The subtleties of correct B+Tree implementation

I discussed earlier that B+Trees are a gnarly beast to implement correctly. On the face of it, it is a actually unusual assertion, as a result of they’re a fairly easy knowledge construction. What’s so advanced in regards to the implementation? You’ve got a set measurement web page, you add to it till it’s full, you then break up the web page, and you’re performed. What’s the trouble?
Right here is a straightforward state of affairs for web page splits, the next web page is totally full. We can’t match one other entry there:
Now, if we attempt to add one other merchandise to the tree, we’ll want to separate the web page, and the consequence might be one thing like this (we add an entry with a key: customers/050):
How did we break up the web page? The code for that is de facto easy:
As you possibly can see, for the reason that knowledge is sorted, we are able to merely take the final half of the entries from the supply, copy them to the brand new web page and name it a day. That is easy, efficient, and can normally work simply fantastic. The important thing phrase right here is normally.
Given a B+Tree that makes use of variable measurement keys, with a web page measurement of 4KB and a most measurement of 1 KB for the keys. On the face of it, this seems like a fairly good setup. If we break up the web page, we are able to make sure that we’ll have sufficient house to accommodate any legitimate key, proper? Nicely, simply so long as the info distribution is smart. It typically doesn’t. Let’s discuss a concrete state of affairs, we could? We retailer within the B+Tree an inventory of public keys.

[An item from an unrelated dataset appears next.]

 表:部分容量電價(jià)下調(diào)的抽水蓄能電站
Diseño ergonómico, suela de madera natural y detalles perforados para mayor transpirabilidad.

This seems just like the picture beneath, the place we have now a single web page with 16 entries and three,938 bytes in use, and 158 bytes which can be free. Check out the info for a second, and also you’ll discover some fascinating patterns.
The info is split into two distinct varieties, EdDSA keys and RSA keys. As a result of they’re prefixed with their sort, all of the EdDSA keys are first on the web page, and the RSA keys are final. There’s a massive measurement distinction between the 2 forms of keys. And that seems to be an actual downside for us.

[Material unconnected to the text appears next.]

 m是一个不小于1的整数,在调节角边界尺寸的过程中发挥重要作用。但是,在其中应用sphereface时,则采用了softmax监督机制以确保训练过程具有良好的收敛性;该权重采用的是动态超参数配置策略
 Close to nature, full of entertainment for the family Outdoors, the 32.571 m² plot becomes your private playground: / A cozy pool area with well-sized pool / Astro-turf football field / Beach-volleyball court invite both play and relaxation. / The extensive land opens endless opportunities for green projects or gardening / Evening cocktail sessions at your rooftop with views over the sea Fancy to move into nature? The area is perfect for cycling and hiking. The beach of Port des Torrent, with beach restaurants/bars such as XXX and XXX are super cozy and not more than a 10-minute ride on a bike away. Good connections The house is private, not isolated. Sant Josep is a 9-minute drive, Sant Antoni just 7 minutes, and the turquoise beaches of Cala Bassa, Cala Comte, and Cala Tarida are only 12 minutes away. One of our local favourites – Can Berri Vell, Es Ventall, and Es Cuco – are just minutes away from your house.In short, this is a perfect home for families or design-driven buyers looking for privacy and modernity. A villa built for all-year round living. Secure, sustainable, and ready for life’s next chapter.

Take into account what is going to occur once we need to insert a brand new key to this web page. We nonetheless have room to a couple extra EdDSA keys, in order that isn’t actually that fascinating, however what occurs once we need to insert a brand new RSA key? There may be not sufficient room right here, so we break up the web page. Utilizing the algorithm above, we get the next tree construction publish break up:
Bear in mind, we have to add an RSA key, so we are actually going to go to the underside proper web page and attempt to add the worth. However there’s not sufficient room so as to add a bit greater than 512 bytes to the web page, is there?
What occurs subsequent is determined by the precise implementation. It’s attainable that you simply’ll get an error, or one other break up, or the tree will try and proceed and do one thing fully weird.
The important thing right here (pun supposed) is that despite the fact that the scenario seems comparatively easy, a wonderfully affordable selection can cover a fairly refined bug for a really very long time. It’s only once you hit the precise problematic circumstances that you simply’ll run into issues.
This has been a reasonably easy downside, however there are numerous such edge circumstances that could be hiding within the weeds of B+Tree implementations. that is without doubt one of the causes that working with manufacturing knowledge is such an enormous situation. Actual world knowledge is messy, it has unpredictable patterns and stuff that you simply’ll doubtless by no means consider. Additionally it is one of the best ways I’ve discovered to smoke out these particulars.